The shocks and struts on your vehicle are the all-important components of the suspension that isolate the vehicle and in turn the driver from the ever-changing surface of the road. Over time, shocks and struts will wear out from repeated use. When they do, the result is a suspension that can bounce up and down, feel vague and unresponsive and just generally not do what it is designed to. A car with worn shocks can be driven safely, though it is not as comfortable as one with shocks and struts that are in good shape.

Step 1

Accelerate smoothly and slowly. When you quickly accelerate away from a stop in a car with worn shocks, the rear end can drop down suddenly and the front end rise up because of how soft and worn the suspension is. You can reduce this tendency by driving smoothly when you take off from a stop.

Step 2

Stop the car smoothly and progressively. Much like the problems that occur during acceleration, when the brakes are applied suddenly in a vehicle with worn shocks and struts the front end has a tendency to dip and the rear raise up from the uncontrolled weight transfer.
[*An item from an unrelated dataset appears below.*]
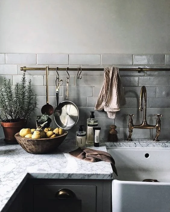 For a kitchen to be successful, it not only must be well laid out, it must be well lived in. What do you like about your kitchen? What works and what doesn’t? What are you drawn to? I usually gravitate towards a bright white kiichen, one that is modern with clean materials. But lately I’ve been attracted to images that evoke of a warm and rustic style, one that you might find in an english countryside home. Some of the details I’ve been admiring lately are handmade glazed tiles, rustic wood beams, reclaimed stone flooring, richly colored cabinets, a big old farm table, open shelves displaying colorful spices, copper pans hanging overhead. There’s something so warm and inviting about the kitchen images I’ve been collecting.

To reduce this, avoid slamming on the brakes.

Step 3

Drive around corners conservatively. Shocks and struts are the primary components that eliminate or reduce body roll (along with anti-roll bars), so when these components are worn out, the vehicle will lean more in corners and feel less controllable. By driving less aggressively around corners, the vehicle will feel more safe and handle better.

Step 4

Avoid bumps and ruts. A car with bad shocks will hop and shake over rough sections of roads because of the uncontrolled oscillation of the shocks and struts. If possible, avoid driving directly over large bumps and rough areas of road, instead guiding the vehicle around them where possible. Also avoid driving on rough roads in general as well as dirt roads.